Lena sempre gostou de nadar, mas hoje deixaria de lado suas vontades para poder ficar ao lado da amiga menor.
Kara acenou para Cat, que nadava até a outra borda junto a Alex. Então, Lena viu algo se movimentando em meio a floresta, inevitavelmente apertou a mão de Kara, fazendo a menor olhar para sua face sem entender.
— Tudo bem, Lee? – a garota perguntou com sua voz fina, olhando para onde a amiga não desviava os olhos. Lena piscou várias e várias vezes, sentindo-se confusa, mas confirmando.
— Sim, eu só pensei ter visto algo, acho que era um cervo – contou, sentindo seus pelos da nuca se arrepiarem sem motivo algum. Minutos depois, logo que o movimento na floresta havia sido esquecido pela pequena Luthor, algo estranho aconteceu.
Uma voz obscura e nojenta soou em seu ouvido, não poderia ser Kara, mas ainda assim sentiu dedos apertarem seu ombro como se algo encostasse ali para cochichar em seu ouvido.
— Seu destino está traçado, demônio.
Lena olhou espantada para os lados, o coração acelerado e os olhos arregalados, soltando a mão de Kara de abrupto.
— Lena! – Kara gritou, tentando acalmar a amiga que parecia procurar algo em volta do lago e em meio às árvores. Lena estava apavorada, a voz havia lhe chamado de demônio. Ela queria perguntar a Kara se também havia escutado, mas estava apavorada demais e algo lhe dizia para não fazer isso. Sabia que apenas ela havia ouvido.
— Você está me assustando – Kara sussurrou, apertando a mão da amiga com um pouco de medo.
Então, como um estalo, o corpo de Lena se enrijeceu. Não queria que Kara sentisse medo dela.
— M-me desculpe – disse confusa e triste – Eu só quero ir embora.
— O que houve? – perguntou, parecia assustada também. A pequena Luthor pensou em dizer a verdade, entreabriu os lábios para dizer o que havia escutado, mas quando observou o carvalho velho do outro lado do lago, viu uma sombra negar com a cabeça, sumindo entre as árvores novamente.

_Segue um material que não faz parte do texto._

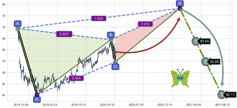 ➣ 未完成【蝴蝶】形态起点X: 2018-11-01, 已到达C点: 2020-03-12, 预测最终D点: 2021-01-20, 共565交易日
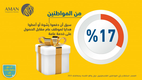 17% من المواطنين سبق أن دفعوا رشوة أو أعطوا هدايا لموظف عام مقابل الحصول على خدمة عامة
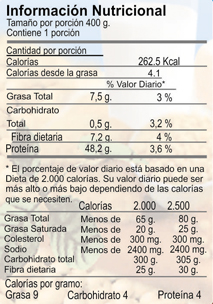 Proteína de soya seleccionada, cloruro de magnesio, agua, sal. Alimento Listo Para Su Consumo
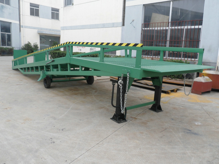 移動式液壓登車橋是與叉車配合使用的貨物裝 卸專用輔助設(shè)備。有了它,叉車能直接從地面駛?cè)肫囓噹麅?nèi)部進(jìn)行 批量裝卸作業(yè)。產(chǎn)品采用人工液壓動力,不需接動力電源。只需單人操作,即可實現(xiàn)貨物的安全快速裝卸。
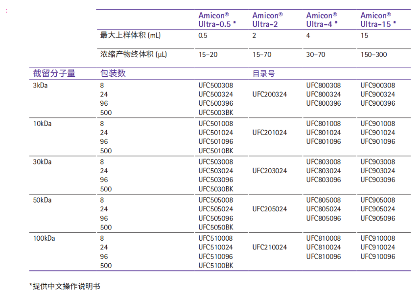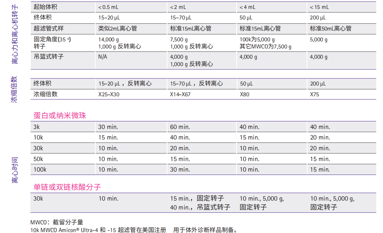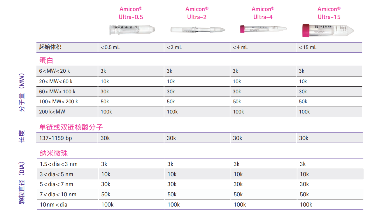 Amicon® Ultra系列超濾管產品需要根據起始樣品體積、目標蛋白或核酸的分子量、終體積及濃縮倍數等選擇具體型號。下表為選擇最適合截留分子量的超濾管提供了一些參考建議。
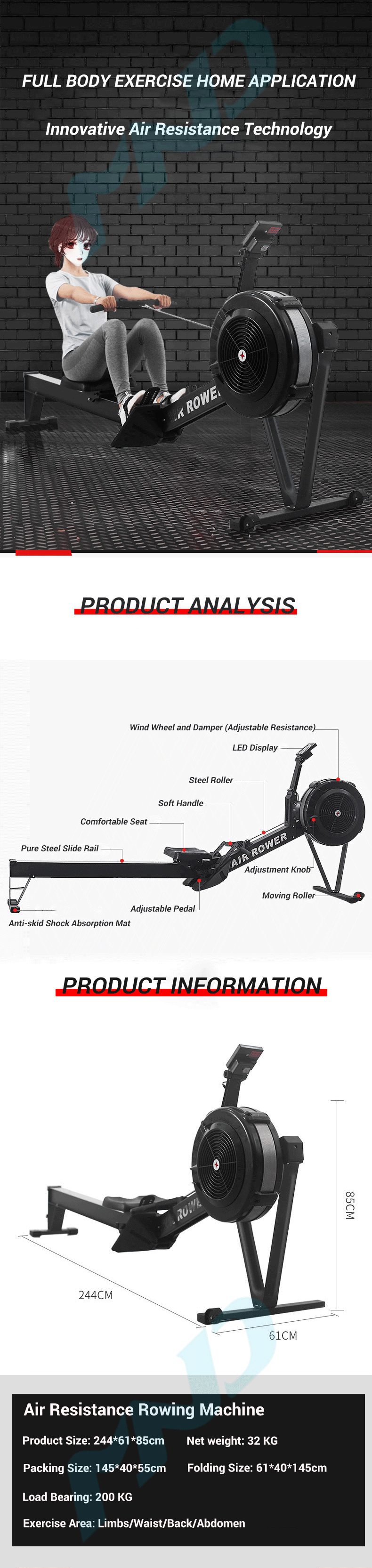 Tamanho da máquina: 235×63×36-108cm
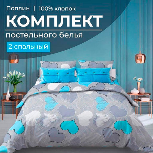 Комплект постельного белья 2-спальный, поплин (Романтика, голубой)
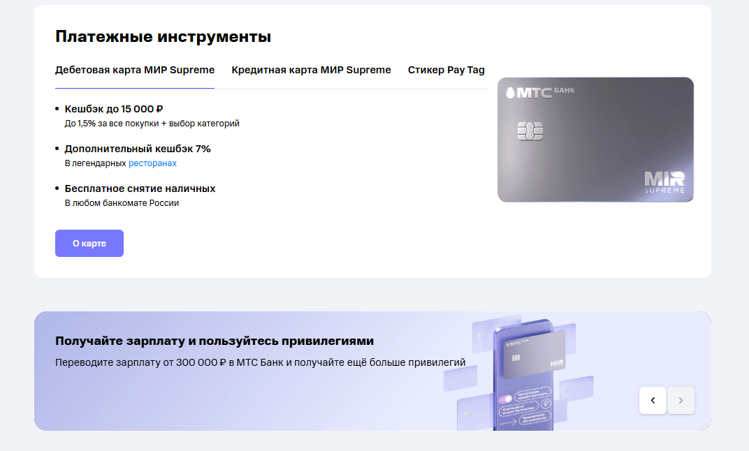 Дебетовая карта МИР Supreme МТС Банка МТС Банка

— Nada, eu preciso ir – se exasperou, correndo de volta ao vilarejo sem nem sequer pegar seus sapatos caros.
Teria de explicar ao seu pai onde deixou os calçados, mas estava apavorada demais. Por que seu destino já estaria traçado? E por que foi chamada de demônio?
1894
Kara estava com quatorze anos, ouvia escondida por trás da porta sua mãe e a madame Prescott conversarem enquanto tomavam chá. Já era noite, Kara deveria estar dormindo a mais ou menos duas horas, mas o nome 'Lena Luthor' chamou sua atenção na conversa. Estava ajoelhada, escorada na parede do corredor enquanto sua mãe, uma costureira humilde chamada Alura, fofocava baixinho.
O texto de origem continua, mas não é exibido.